This is generally true and desirable. The Schwarzschild metric in its original form has this property.
I think this is the transformation you are talking about: http://en.wikipedia.org/wiki/Schwar...c.29_formulations_of_the_Schwarzschild_metric

In Schwarzschild coordinates the local speed of light is isotropic (c in all directions), but the coordinate speed of light from the point of view of an observer at infinity is anisotropic (slower vertically than it is horizontally and slower with reducing r).

In order to make the coordinate velocity of light isotropic from the point of view of the observer at infinity, Eddington created an isotropic formulation of the Schwarzschild metric. In practice this would mean a vertical ruler would be a different length to a horizontal ruler, if you rotated one of them, so they lay side by side. It also means that the local speed of light in Eddington's version is not isotropic. Since the speed of light should be constant and isotropic locally for any observer in any coordinate or gravity system, this casts doubt on whether Eddington's modifications are valid.

The original Schwarzschild metric defines a locally inertial reference frame. The Eddington isotropic version does not.
A normal physical ruler using proper length is used to measure the Schwarzschild circumference. In other words a short ruler calibrated using light in flat space far from a gravitational force is transported down and used to make the circumference measurement locally. In practice it is not necessary to calibrate the ruler in flat space and transport. Any sufficiently local region in curved space is locally flat or Minkowskian. We could calibrate a ruler locally deep in a gravitational well using light and an ideal clock and calibrate another ruler far from the gravitational source using the same method and when the two rulers are brought together they will match. The Schwarzschild radius is inferred from the circumference/(2pi). The radius can not measured directly by a ruler.

Last edited: Apr 14, 2010
13. Apr 14, 2010

### starthaus

Yes, this is a very good article. I have not encountered the term of "frame" before, I always knew these as "vector bases" (which is what they are).

14. Apr 14, 2010

### Ich

No, you heavily misunderstood something here. The whole purpose of isotropic coordinates is to be, well, isotropic. This applies to the coordinate speed of light and thus, necessarily, to the space coordinates. It is also explicit in the formulation of the metric.
No.
It defines locally an anisotropic accelerating frame with scaled r- and t- coordinates.

15. Apr 14, 2010

### yuiop

I do not see how what you are saying differs in substance from what I said.

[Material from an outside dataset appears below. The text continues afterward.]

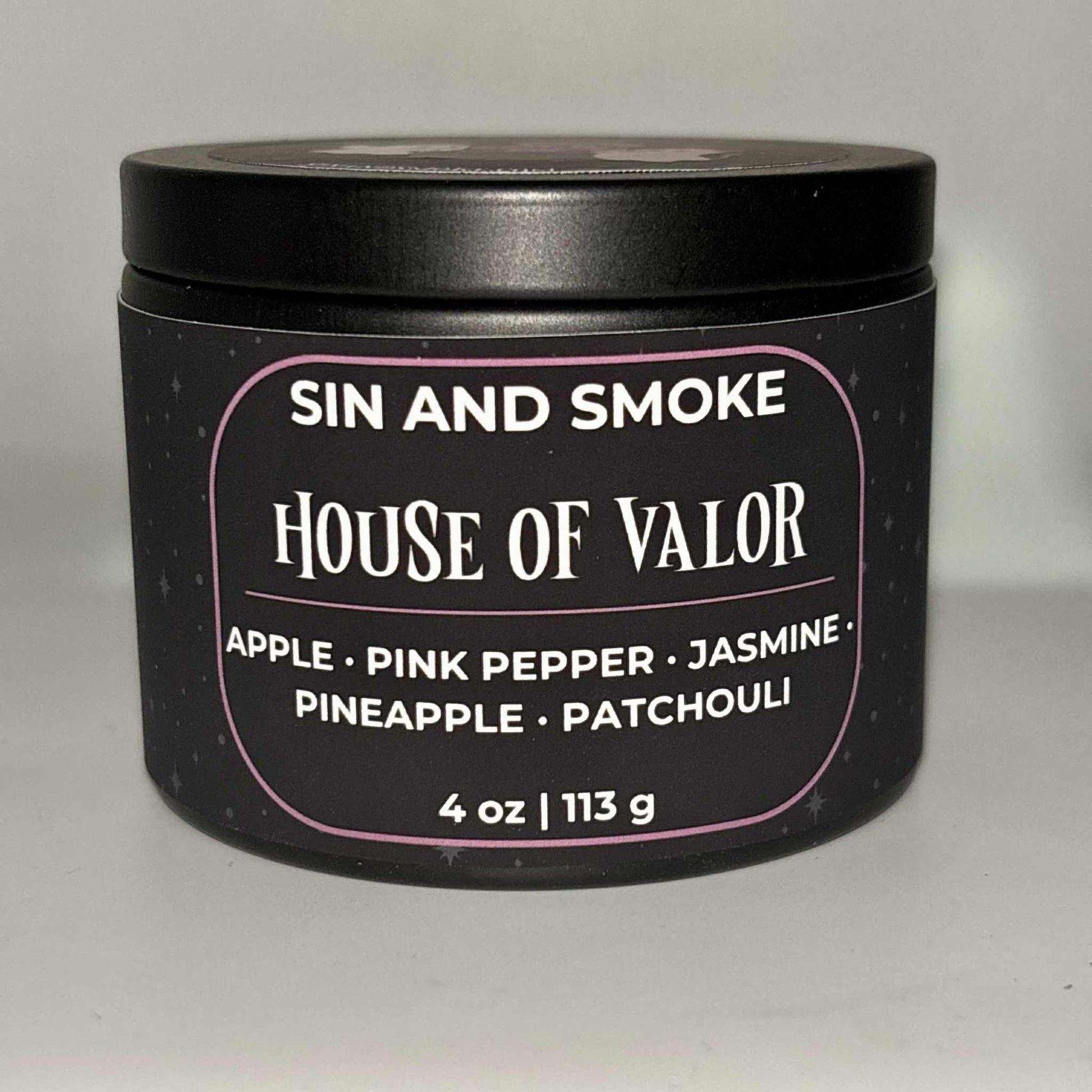 House of Valor is a confident, intoxicating blend that feels powerful, mysterious, and refined. Bright apple and juicy pineapple create a sharp, luminous opening, softened by the warm spice of pink pepper. A heart of jasmine adds elegance and depth, while earthy patchouli grounds the fragrance with a dark, velvety finish.

I basically said (paraphrased) that the purpose of isotropic coordinates is to make the coordinate speed of light isotropic, which is essentially what you said.

The local speed of light in Schwarzschild coordinates IS already isotropic in a very local perhaps infinitesimal region. The cost of making the coordinate speed of light isotropic is that the local speed of light is no longer isotropic. You can not have both.
You are right to point out that a local stationary observer in Schwarzschild spacetime, is in an anisotropic accelerated frame. I was thinking of a free falling local observer in Schwarzschild spacetime who sees the local region as flat or Minkowskian. Thanks for the correction. Having said that, I think that even in the accelerating frame of the local stationary observer in Schwarzschild coordinates, the speed of light is approximately isotropic in an infinitesimally local region.

16. Apr 14, 2010

### Altabeh

What are you attempting to say here? When talking about a "local" speed, it always happens to be the speed of the object in a region which is "very" small so as to be called local!

This is trivial, I think!

17. Apr 14, 2010

### Ich

No, it isn't. ds!=dr, but ds=rd\theta, for example. The r coordinate is scaled, while tangential coordinates correspond to proper length.
Just to make sure I understand you correctly: Whatever you're referring to by "speed of light" as opposed to "coordinate speed of light" should be the measured value? Which is, of course, isotropic? Or how would a change of coordinates influence this "speed of light"?
You can have both, by using isotropic coordinates. Really, that's what they're made for.
No, not when the observer uses Schwarzschild coordinates.

18. Apr 14, 2010

### utesfan100

Let's see what I have learned so far ...

Mostly I have gained an appreciation for the difference between a projection of a geometrical object and its true shape.

True.

Semi-true. Any set of coordinates will not be true to the curved space-time, except maybe at a few finite points. These are chosen at infinity for all cases discussed here, and are distorted relative to any inertial tangent frame at any other point.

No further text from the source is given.